面對葉瑤思張狂的挑釁,葉瑤枝只是神色平靜的說道:“我們本就不打算回來。”
簡簡單單的一句話,配上葉瑤枝雲淡風輕的表情,便對葉瑤思造成了暴擊,葉瑤枝用自己的肢體語言彰顯了自己的态度——那些被葉瑤思視若珍寶的東西,她壓根不放在心上。
她們從來都不是一路人。
葉瑤思的手指甲扣進了手掌心,臉色逐漸扭曲發紅,狠狠的盯着葉瑤枝怎麽看怎麽不順眼。
剛才葉瑤思那個狀似什麽都不在乎的眼神,分明就是在嘲笑自己,葉瑤枝一個死了爹的小野種,有什麽資格嘲笑自己?
深呼吸了好幾次,葉瑤思才平複了心情,她轉念一想,只要今天過了門,黃員外就成了她最大的依仗,拿捏葉瑤枝也成了輕而易舉的事情,她才不信整個村裏最落魄、最窮酸的葉瑤枝能跑多遠?
只要葉瑤枝呆在這十裏八鄉的範圍內,有的時間和辦法慢慢收拾。
“哼。

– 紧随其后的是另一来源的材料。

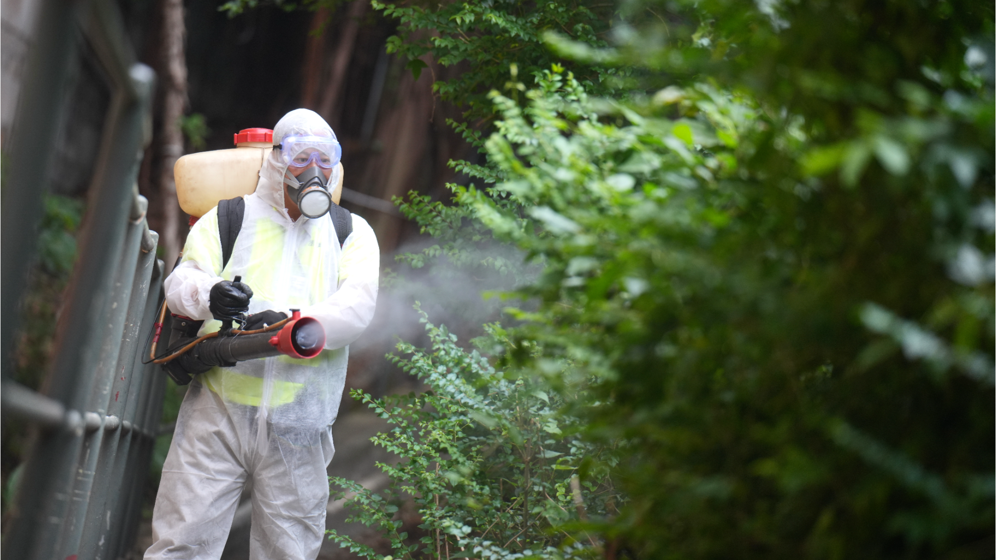 Food and Environmental Hygiene Department deploys staffs to disperse anti-mosquito spray around hill area opposite at Rhenish Church Grace School in Diamond Hill on Oct 28, 2025. (ADAM LAM / CHINA DAILY)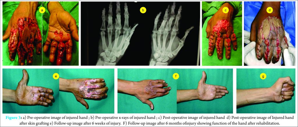 [Fig. 3: a) Pre-operative image of the injured hand b) Pre-Op X-rays of injured hand c)Post-operative image of the injured hand d) Image After Skin Grafting d) Image At 6 weeks follow-up f) Image at 6 months follow-up]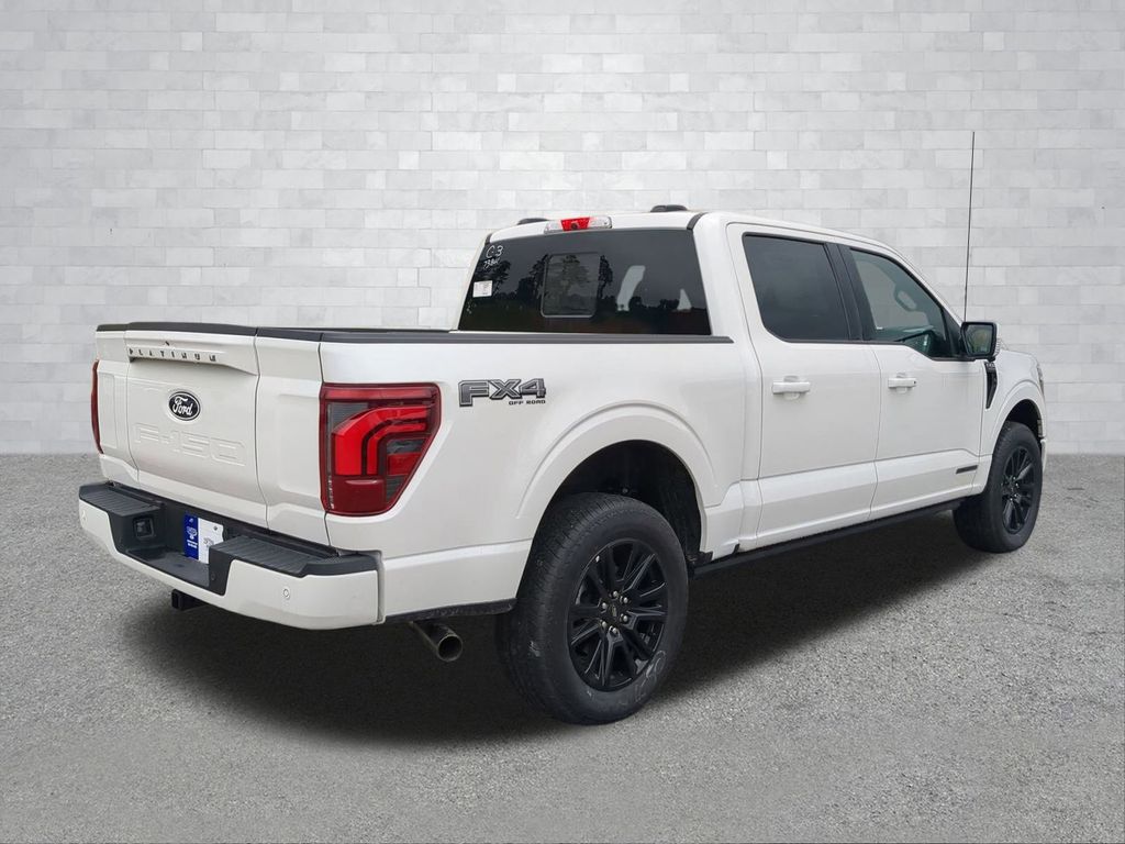 2025 Star White Metallic Tri-Coat 2025 Ford F-150 Platinum 4WD 3.5L PowerBoost Full-Hybrid V6 12" LCD Productivity Touchscreen, 360-Degree Camera, 5G WiFi Hotspot Telematics, Adaptive Cruise Control, Auto LED Headlights, Backup Camera, BlueCruise, Bluetooth w/ Audio Streaming, Lane Keeping System, Leather Seats, Memory Package, Off Road Package, Panoramic Sunroof/Moonroof, Parking Sensors, Post Collision Braking, Power Running Boards, Power Sliding Rear Window, Premium Sound Package, Push Button Start, Remote Start, Reverse Brake Assist, Reverse Sensing, Skid Plate Package, Tow Package, Trailer Package, 4D SuperCrew, 3.5L PowerBoost Full-Hybrid V6, 10-Speed Automatic, 4WD, 4x4 FX4 Off-Road Bodyside Decal, Electronic Locking w/3.73 Axle Ratio, Equipment Group 702A High, FX4 Off-Road Package, GVWR: 7,400 lbs Payload Package, Heads-Up Display, Hill Descent Control, Monotube Rear Shocks, Navigation system: Connected Navigation, Off-Road Tuned Front Shock Absorbers, Radio: B&O Unleashed Sound System by Bang & Olufsen, Rock Crawl Mode, Twin Panel Moonroof. Equipment Group 702A High (Heads-Up Display, Radio: B&O Unleashed Sound System by Bang & Olufsen, and Twin Panel Moonroof), FX4 Off-Road Package (4x4 FX4 Off-Road Bodyside Decal, Hill Descent Control, Monotube Rear Shocks, Off-Road Tuned Front Shock Absorbers, and Rock Crawl Mode), GVWR: 7,400 lbs Payload Package, 4D SuperCrew, 3.5L PowerBoost Full-Hybrid V6, 10-Speed Automatic, 4WD, Electronic Locking w/3.73 Axle Ratio, Navigation system: Connected Navigation, 4-Wheel Disc Brakes, 8 Speakers, ABS brakes, Adjustable pedals, Air Conditioning, Alloy wheels, Auto High-beam Headlights, Auto tilt-away steering wheel, Auto-dimming door mirrors, Auto-dimming Rear-View mirror, Automatic temperature control, Brake assist, Bumpers: body-color, Compass, Delay-off headlights, Driver door bin, Driver vanity mirror, Dual front impact airbags, Dual front side impact airbags, Electronic Stability Control, Emergency communication system: SYNC 4 911 Assist, Front anti-roll bar, Front Bucket Seats, Front Center Armrest, Front dual zone A/C, Front fog lights, Front reading lights, Front wheel independent suspension, Fully automatic headlights, Garage door transmitter, Heated door mirrors, Heated front seats, Heated rear seats, Heated steering wheel, Illuminated entry, Leather steering wheel, Low tire pressure warning, Memory seat, Occupant sensing airbag, Outside temperature display, Overhead airbag, Overhead console, Panic alarm, Passenger door bin, Passenger vanity mirror, Pedal memory, Power door mirrors, Power driver seat, Power passenger seat, Power steering, Power windows, Radio data system, Rain sensing wipers, Rear reading lights, Rear seat center armrest, Rear step bumper, Rear window defroster, Remote keyless entry, Security system, Speed control, Split folding rear seat, Steering wheel memory, Steering wheel mounted audio controls, Tachometer, Telescoping steering wheel, Tilt steering wheel, Traction control, Trip computer, Turn signal indicator mirrors, Unique Multi-Contour Leather Bucket Seats, Variably intermittent wipers, Ventilated front seats, Voltmeter, and Wheels: 20" Painted Gloss Ebony Black Courtesy Ford and Lincoln of Rome 101 Hwy 411 E Rome, Ga 30161 ROMEFORDLINC.COM 706.235.4453. Price includes dealer added accessories.

”想到從今往後的榮華富貴,葉瑤思自上而下的斜着瞥了葉瑤枝一眼,轉身回自己的閨房去了,今天是自己大喜的日子,不能讓葉瑤枝這個臭婊|子壞了自己的好事。
葉瑤思剛轉身,來接人的轎夫“哎呀”了一聲後喊道:“吉時到了!”
聽見轎夫喊“吉時到了”,媒婆的臉色唰一下就變了,一把拉過葉瑤思的手臂,匆匆把她拽入房間裏。
“啊,好痛!”葉瑤思不滿的叫起來抱怨道:“你幹嘛?我的手都痛死了!”
媒婆沒好氣的罵道:“死丫頭懂不懂規矩!你今天要是還想進黃員外的家門就閉嘴!耽誤了時辰,你這輩子休想再嫁個比黃員外更好的相公!”
葉瑤思最怕的就是進不了黃員外的家門,恨不得立馬把生米煮成熟飯,媒婆搬出來威脅的話太有效,她立馬就閉了嘴,只是心裏暗暗給媒婆記上一筆,想着等她得了黃員外的寵愛,一定要給這個臭媒婆一點顏色看看。
樂班子又重新揍起喜樂來,只是吹打得斷斷續續、小心翼翼,時不時就往葉瑤枝那邊瞅上一眼,生怕自己也跟着挨揍。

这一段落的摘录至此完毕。